No, she thought, his real problem now was that his problems weren’t HIS problems, they were Alberich’s. Ilya was easy enough to escape, but this Lukas was a different animal. Cael may have gotten into trouble before, but Alberich’s trouble may be beyond his abilities.
But… if she were there, maybe… maybe she could help him. If she could trust this Lukas at his word. Return the favor for her three years of freedom, however false they seemed in hindsight. Maybe he would be willing to stay a while before leaving again. Say goodbye, and give her time to prepare for a return to this life of stillness so it wouldn’t feel so suffocating. Maybe her mother’s idea of another child wasn’t so crazy. Her stomach cringed at the memory of her first. No, she wouldn’t have to think about that right now, anyway.
But was she really thinking of joining Lukas, this shadow that caused such terror in her life already? Ilya curled into a ball and hugged her knees. Maybe… Kostya had admired her bravery just for talking to him. Maybe she was braver than she thought.

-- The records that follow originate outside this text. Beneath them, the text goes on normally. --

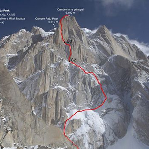 Както съобщава Корин Кьотцер (Correne Coetzer) от сайта Explorers.Web, Алберто Инюратеги (Alberto Iñurrategi), Хуан Валехо (Juan Vallejo) и Микел Сабалса (Mikel Zabalza) са се завърнали в родината си, след като прокараха премиерен маршрут по южната 1000-метрова отвесна стена на Пайю (Paiju, 6610 м) в Каракорум.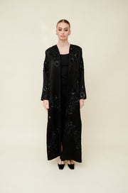 Full embroidered satin silk abaya — a luxurious statement piece for elegant evenings.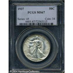 1937 50C MS67 PCGS. Bright cartwheel luster emanat <B>1937 50C MS67 PCGS.</B></I> Bright cartwheel luster emanates from underneath light opaque toning on the obverse of this impressive Superb Gem. As expected, this coin is well struck, clean, and very appealing to the eye. Population: 82 in 67, 2 finer (10/04). <BR><BR><B>Important notice:</B> Heritage usually auctions material at the rate of 200-250 lots per hour. On some occasions eBay Live bid software or the Internet may not be able to keep up with the pace of the auction. We recommend placing a realistic absentee bid now as insurance to avoid disappointment. Occasionally the auctioneer may eliminate or reject an eBay Live bid, and the auctioneer may also reopen a lot after the close of the eBay live bidding (usually because we missed an audience bid), and may reject your bid even if it shows you as the winning bidder. By bidding via eBay Live, you agree that Heritage may award the lot to another bidder at its sole discretion under the circumstances described above or any other reasonable circumstances. Since eBay bids are not shown to us until we open the lot on the floor, we treat those bids just like floor bids. In most cases the floor responds before the eBay bid is presented to us, due to Internet lag time, so for consistency we have made it a policy that floor bids are always considered first over tie eBay live bids. Also please note that all Heritage lots purchased through eBay Live carry a 20% Buyer's Premium. Please make sure you read the Terms and Conditions before you bid. This lot is being auctioned in conjunction with a live floor auction by Heritage Galleries & Auctioneers. All final auction and invoice information will be supplied by Heritage Galleries & Auctioneers, and all other information should be considered preliminary. Lot:6187

Don’t be stupid! He doesn’t need you, remember?
She imagined him floating in the vast sky, a metal spec of a ship indiscernible from the stars; so frustratingly arrogant and cowardly, and vulnerable to the endless, cold vacuum; with Lukas racing after him.
Ilya had thrown off the sheets again and had slipped on her shoes and coat in the dark before she realized what she was doing. Her feet found their own way tiptoeing down the hall and the steps to the back door. She found her cousin’s truck parked there, and in its bed, her bike. She dragged it down as quietly as she could in her weakened state, and peddled it off the compound before starting the engine. All the while, she tried desperately to keep her mind free of thought, to let her body do the acting. If she was going to do this, she couldn’t delay any longer. Lukas may have already taken off, for all she knew, and then her decision would be made for her.
As she approached the city lights, she couldn’t help but see how pretty they were. The familiar skyline blurred with the tears in her eyes, and a thought slipped through wondering how long it would be before she saw those lights again.
Lukas’s ship looked like a single, sleek, black wing. Its surface was glossy and reflective like a dark mirror. He leaned casually against the hatch that dropped down in the back, and watched Ilya as she walk her bike up to him across the dock platforms. She stopped as the wing’s shadow fell across her.
“I haed a feeling I’d saee you again.”
“Just,” bring him back to me, she thought, “take me with you.”